(Raw data)
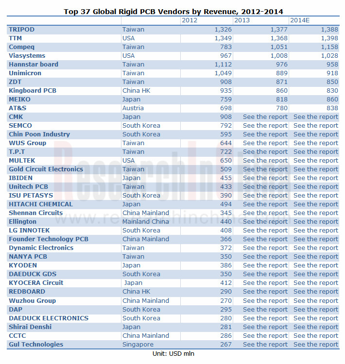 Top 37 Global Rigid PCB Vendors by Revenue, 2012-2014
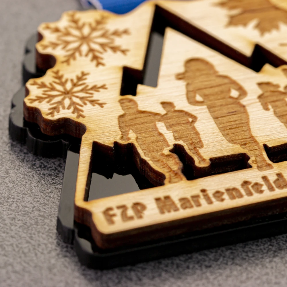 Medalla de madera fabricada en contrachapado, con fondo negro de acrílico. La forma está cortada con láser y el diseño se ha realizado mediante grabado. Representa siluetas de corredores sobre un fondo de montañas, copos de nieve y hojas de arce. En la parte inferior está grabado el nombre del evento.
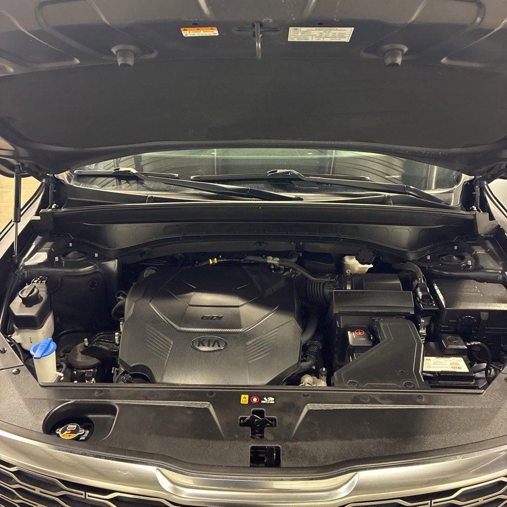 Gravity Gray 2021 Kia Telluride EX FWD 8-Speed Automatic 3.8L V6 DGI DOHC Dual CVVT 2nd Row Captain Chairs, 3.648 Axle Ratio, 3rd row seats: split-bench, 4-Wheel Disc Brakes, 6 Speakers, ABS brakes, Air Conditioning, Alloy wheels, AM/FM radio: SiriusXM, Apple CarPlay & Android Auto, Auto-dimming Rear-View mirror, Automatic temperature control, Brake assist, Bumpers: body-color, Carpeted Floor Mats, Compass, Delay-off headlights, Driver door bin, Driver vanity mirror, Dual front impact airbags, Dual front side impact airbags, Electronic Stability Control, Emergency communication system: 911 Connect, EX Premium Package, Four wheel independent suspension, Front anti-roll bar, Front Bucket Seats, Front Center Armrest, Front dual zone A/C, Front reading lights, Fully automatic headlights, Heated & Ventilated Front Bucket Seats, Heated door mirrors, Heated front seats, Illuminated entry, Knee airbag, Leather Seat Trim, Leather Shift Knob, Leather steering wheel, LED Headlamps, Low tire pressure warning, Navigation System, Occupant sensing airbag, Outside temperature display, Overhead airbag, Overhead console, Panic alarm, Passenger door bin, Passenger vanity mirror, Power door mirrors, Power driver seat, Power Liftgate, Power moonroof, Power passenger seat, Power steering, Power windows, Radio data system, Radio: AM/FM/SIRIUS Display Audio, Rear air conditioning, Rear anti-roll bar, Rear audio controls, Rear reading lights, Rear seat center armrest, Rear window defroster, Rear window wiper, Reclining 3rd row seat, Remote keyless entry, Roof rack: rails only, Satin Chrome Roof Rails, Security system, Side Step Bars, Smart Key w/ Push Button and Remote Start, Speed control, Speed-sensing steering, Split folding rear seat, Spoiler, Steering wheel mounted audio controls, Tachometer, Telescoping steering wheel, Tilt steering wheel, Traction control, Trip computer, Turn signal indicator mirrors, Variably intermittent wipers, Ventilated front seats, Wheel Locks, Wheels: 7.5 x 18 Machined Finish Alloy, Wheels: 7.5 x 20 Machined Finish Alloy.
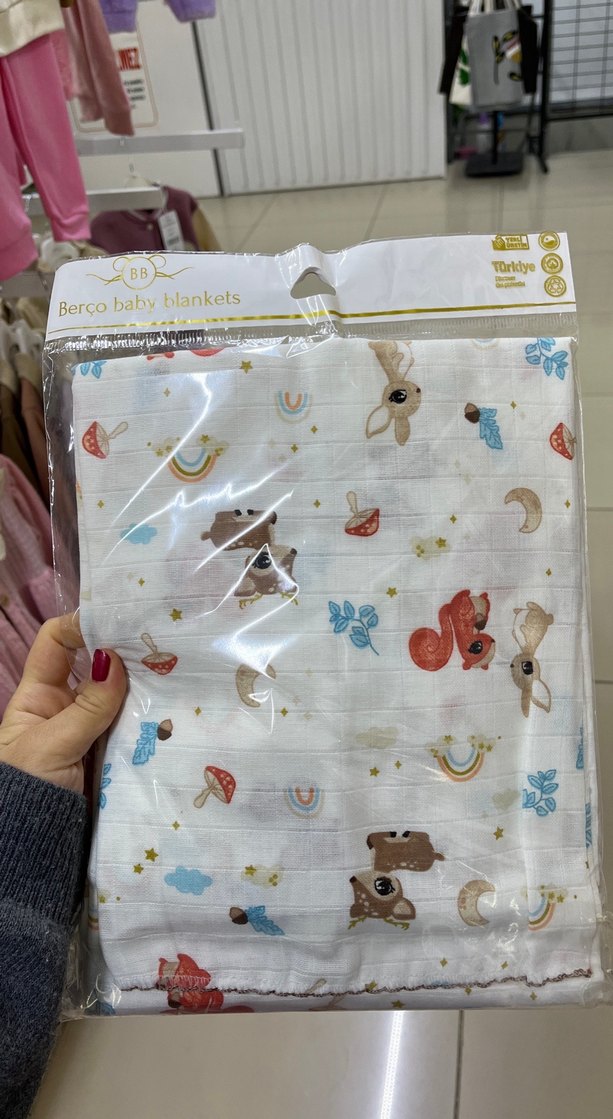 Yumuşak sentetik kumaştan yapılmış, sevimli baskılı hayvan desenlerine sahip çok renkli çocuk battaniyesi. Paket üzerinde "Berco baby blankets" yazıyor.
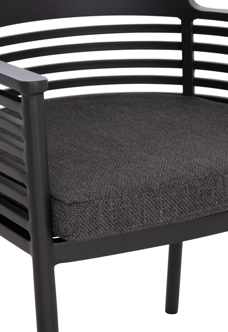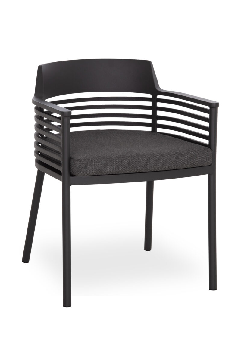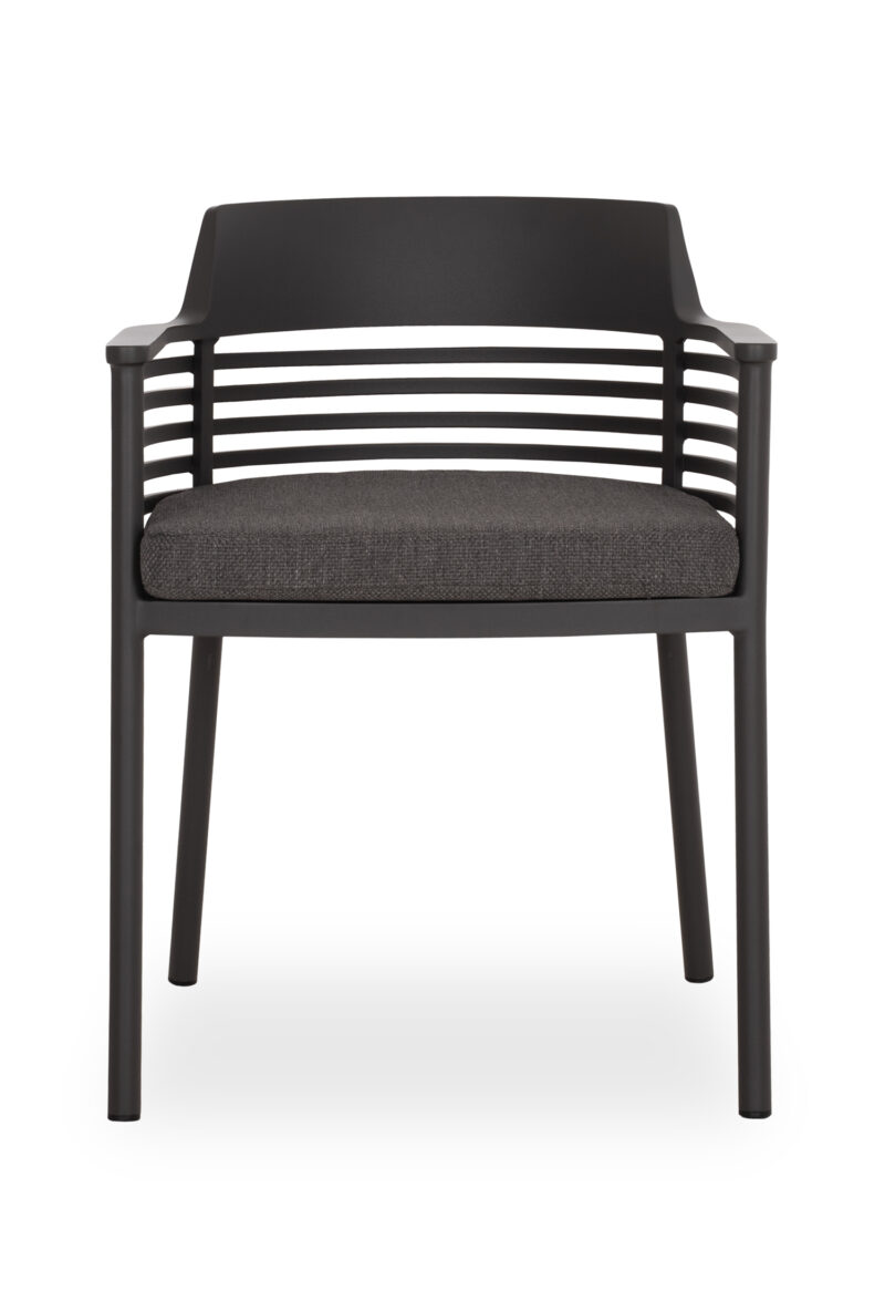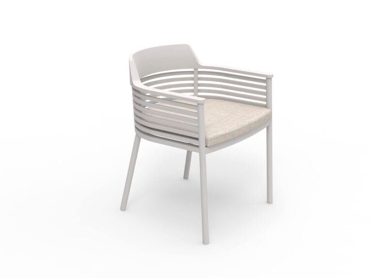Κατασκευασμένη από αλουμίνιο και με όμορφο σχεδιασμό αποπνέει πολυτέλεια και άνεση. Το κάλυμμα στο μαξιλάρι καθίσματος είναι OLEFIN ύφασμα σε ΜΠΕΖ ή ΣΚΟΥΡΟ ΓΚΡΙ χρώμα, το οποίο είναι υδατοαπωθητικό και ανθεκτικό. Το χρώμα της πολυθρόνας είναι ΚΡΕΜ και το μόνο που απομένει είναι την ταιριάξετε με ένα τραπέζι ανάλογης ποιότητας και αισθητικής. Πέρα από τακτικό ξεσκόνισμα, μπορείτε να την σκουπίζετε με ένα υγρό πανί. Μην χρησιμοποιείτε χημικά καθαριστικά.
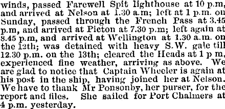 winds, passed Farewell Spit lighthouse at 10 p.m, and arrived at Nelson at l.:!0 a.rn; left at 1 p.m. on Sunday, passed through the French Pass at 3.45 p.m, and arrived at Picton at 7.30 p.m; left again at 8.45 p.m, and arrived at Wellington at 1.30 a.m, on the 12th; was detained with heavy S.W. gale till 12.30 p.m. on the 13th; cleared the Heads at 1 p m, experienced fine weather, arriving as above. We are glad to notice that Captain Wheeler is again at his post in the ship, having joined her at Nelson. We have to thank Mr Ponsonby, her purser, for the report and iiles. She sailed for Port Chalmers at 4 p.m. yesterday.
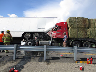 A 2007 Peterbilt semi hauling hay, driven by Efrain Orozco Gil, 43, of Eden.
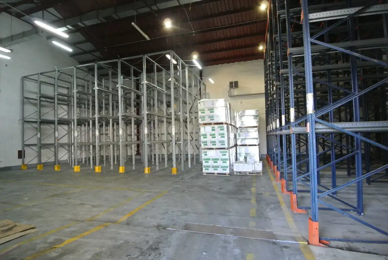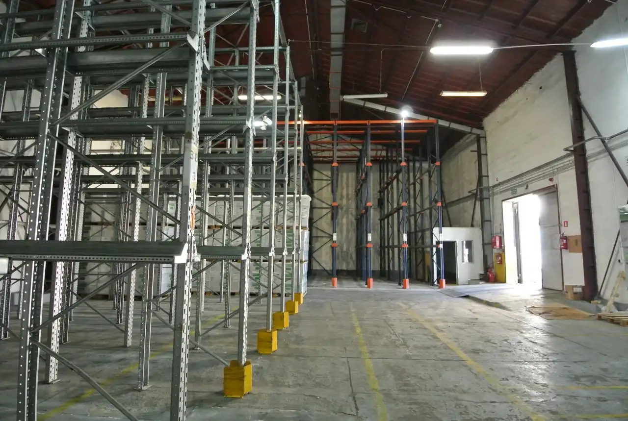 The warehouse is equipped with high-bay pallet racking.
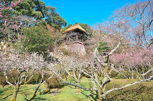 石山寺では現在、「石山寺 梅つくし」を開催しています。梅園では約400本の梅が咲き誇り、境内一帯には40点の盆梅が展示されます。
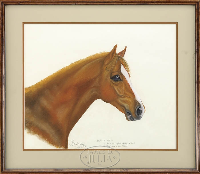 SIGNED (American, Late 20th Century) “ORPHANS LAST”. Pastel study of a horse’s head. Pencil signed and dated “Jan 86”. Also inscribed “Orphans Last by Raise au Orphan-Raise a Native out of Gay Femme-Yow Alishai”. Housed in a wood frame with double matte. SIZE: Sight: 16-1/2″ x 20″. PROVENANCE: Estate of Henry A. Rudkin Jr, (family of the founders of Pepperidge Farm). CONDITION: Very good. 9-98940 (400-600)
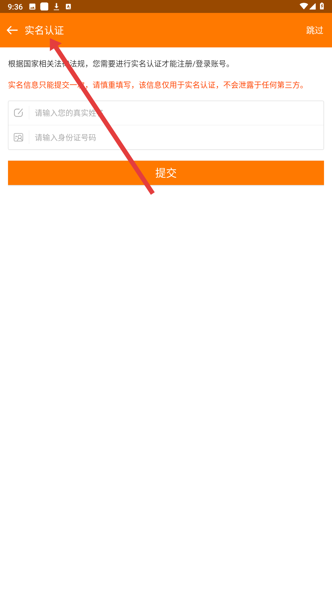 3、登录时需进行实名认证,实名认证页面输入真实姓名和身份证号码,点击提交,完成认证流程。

(What is needed)
When the line that holds "The warehouse is" is reached, begin duplicating exactly, and continue through the last line of the listing, skipping the pictures; output nothing else.

(Task answer)
 The warehouse is equipped with high-bay pallet racking.
 石山寺では現在、「石山寺 梅つくし」を開催しています。梅園では約400本の梅が咲き誇り、境内一帯には40点の盆梅が展示されます。
 SIGNED (American, Late 20th Century) “ORPHANS LAST”. Pastel study of a horse’s head. Pencil signed and dated “Jan 86”. Also inscribed “Orphans Last by Raise au Orphan-Raise a Native out of Gay Femme-Yow Alishai”. Housed in a wood frame with double matte. SIZE: Sight: 16-1/2″ x 20″. PROVENANCE: Estate of Henry A. Rudkin Jr, (family of the founders of Pepperidge Farm). CONDITION: Very good. 9-98940 (400-600)
 3、登录时需进行实名认证,实名认证页面输入真实姓名和身份证号码,点击提交,完成认证流程。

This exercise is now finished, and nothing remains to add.